Jamie abrió su bolso de viaje y repartió su ropa entre el armario y dos cajones de una cómoda, intentando no pensar en el año y medio que había vivido con Nita. Había sido la mejor y la peor época de su vida. Aquella mujer de ojos brillantes, gafas sin montura y toda la sabiduría acumulada en sus casi setenta años de entonces, le hizo sentirse querida por primera vez. Pero Jamie también vivió su primer amor y su primer desengaño amoroso, cortesía de Slade McCafferty.

Al recordarlo, se dijo que tal vez lo viera esa misma tarde. La vida estaba llena de sorpresas. Y no eran siempre agradables.

Trabajó dos horas en la casa. Luego, entró en el granero y descubrió que Caesar, el caballo de su abuela, la estaba esperando. Caesar tenía más de veinte años, pero sus ojos seguían brillantes y claros; y por el lustre de la manta que llevaba encima, Jamie supo que los vecinos cuidaban bien de él.

– Seguro que te has sentido un poco solo, ¿verdad? -declaró en voz baja-. Tú y yo nos divertimos mucho en los viejos tiempos. Y también nos buscamos un montón de problemas…

Jamie se emocionó al ver al animal. Carraspeó y le cepilló el lomo mientras su memoria se empeñaba en retroceder a sus antiguas cabalgatas por los campos de Montana. En cierta ocasión, hasta lo había obligado a cruzar el río; y todo, por culpa de Slade McCafferty. Nunca olvidaría el momento en que notó que el caballo perdía pie y empezaba a flotar en la corriente; ni el humor en los ojos azules de Slade; ni el sendero oculto que le enseñó y donde se detuvieron a fumar unos cigarrillos.

– Sí, eres un gran caballo, no hay duda… -continuó-. Volveré pronto, te lo prometo.

Regresó a la casa y dedicó dos horas más a limpiar. Luego, encendió el calentador de agua, ajustó la temperatura e hizo la cama de su dormitorio. Cuando extendía las sábanas, notó que olían a espliego, el olor preferido de su abuela. La echaba terriblemente de menos.

Bajó al salón y dejó su ordenador encima de la mesa. En cuanto llamara a la compañía telefónica y le dieran línea otra vez, podría trabajar y ponerse en contacto con su oficina de Missoula.

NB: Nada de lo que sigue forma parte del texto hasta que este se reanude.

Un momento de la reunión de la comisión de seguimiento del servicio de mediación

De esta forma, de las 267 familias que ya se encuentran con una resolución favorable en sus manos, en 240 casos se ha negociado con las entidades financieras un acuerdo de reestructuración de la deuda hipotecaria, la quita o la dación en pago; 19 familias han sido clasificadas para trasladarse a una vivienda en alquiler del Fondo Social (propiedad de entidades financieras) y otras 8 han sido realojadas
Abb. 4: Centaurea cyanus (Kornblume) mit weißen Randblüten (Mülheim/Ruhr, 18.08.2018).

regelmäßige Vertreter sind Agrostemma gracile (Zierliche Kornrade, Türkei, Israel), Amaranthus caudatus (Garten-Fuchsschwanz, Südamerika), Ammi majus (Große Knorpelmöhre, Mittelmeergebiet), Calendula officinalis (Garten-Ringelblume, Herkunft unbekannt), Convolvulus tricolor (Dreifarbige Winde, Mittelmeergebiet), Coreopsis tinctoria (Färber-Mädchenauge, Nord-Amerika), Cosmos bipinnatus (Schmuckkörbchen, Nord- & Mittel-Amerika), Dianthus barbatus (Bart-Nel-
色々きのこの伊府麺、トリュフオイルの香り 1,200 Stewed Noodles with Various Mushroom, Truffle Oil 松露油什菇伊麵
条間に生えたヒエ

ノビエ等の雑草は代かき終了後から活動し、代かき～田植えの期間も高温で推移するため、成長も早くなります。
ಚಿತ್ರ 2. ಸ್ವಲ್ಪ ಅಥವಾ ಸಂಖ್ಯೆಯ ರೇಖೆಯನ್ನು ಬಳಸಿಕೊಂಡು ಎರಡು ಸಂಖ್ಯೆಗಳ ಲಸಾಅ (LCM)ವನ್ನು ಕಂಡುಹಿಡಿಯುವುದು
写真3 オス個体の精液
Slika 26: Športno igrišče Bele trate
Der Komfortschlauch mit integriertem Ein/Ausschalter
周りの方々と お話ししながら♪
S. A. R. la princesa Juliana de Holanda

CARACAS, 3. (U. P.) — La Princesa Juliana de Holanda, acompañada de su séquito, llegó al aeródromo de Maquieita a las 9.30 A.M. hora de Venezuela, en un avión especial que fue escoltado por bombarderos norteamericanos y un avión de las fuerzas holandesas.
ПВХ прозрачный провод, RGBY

Miró el reloj y vio que faltaba menos de una hora para su reunión con Thorne, Matt y Slade McCafferty, y el rancho Flying M estaba a treinta kilómetros de allí.

– Bueno, será mejor que te marches, Parsons.

Jamie sintió una punzada en el estómago. Había pasado mucho tiempo desde su relación con Slade McCafferty, y en aquella época, ella sólo era una adolescente de diecisiete años. No tenía sentido que se pusiera nerviosa. Era completamente ridículo.

Intentó recordarse que aquel día sólo iba a ser un día más en la vida de una abogada. Nada importante. Pero los latidos de su corazón se habían acelerado, sentía angustia en el pecho y, a pesar del frío, le cayó una gota de sudor por la frente.

Desesperada, volvió a subir al dormitorio. Se quitó los vaqueros y su jersey favorito y se puso una camisa de seda, un traje negro y unas botas que le llegaban a la rodilla. A continuación, se recogió el pelo y se miró en el espejo del tocador; en los quince años transcurridos desde que vio a Slade McCafferty por última vez, ella había dejado de ser una jovencita rebelde para convertirse en una adulta que había estudiado una carrera y se había convertido en abogada.

La mujer del espejo era segura y firme, pero Jamie se vio a sí misma como era entonces: la adolescente recién llegada al campo, la chica conflictiva y de mala reputación.

Al pensar nuevamente en Slade, sintió tal vacío en el estómago que se maldijo y decidió reaccionar. Se puso el abrigo y unos guantes, alcanzó el maletín y el bolso, salió de la casa y caminó por la nieve, hacia su coche, sosteniendo el maletín como si fuera un escudo.

Al parecer, era un caso perdido. Iba a ver a Slade McCafferty. Y qué.

Había sido un día malo.

Pero iba a empeorar.

Slade lo sentía en los huesos.

Se apoyó en el marco de la ventana y contempló las colinas y los terrenos nevados del rancho Flying M. El ganado caminaba lentamente por el paisaje de invierno, y las nubes grises amenazaban con descargar más nieve en aquella parte del valle. La temperatura había bajado mucho y la cadera le dolía un poco, señal de que todavía no se había recuperado totalmente de su accidente de esquí.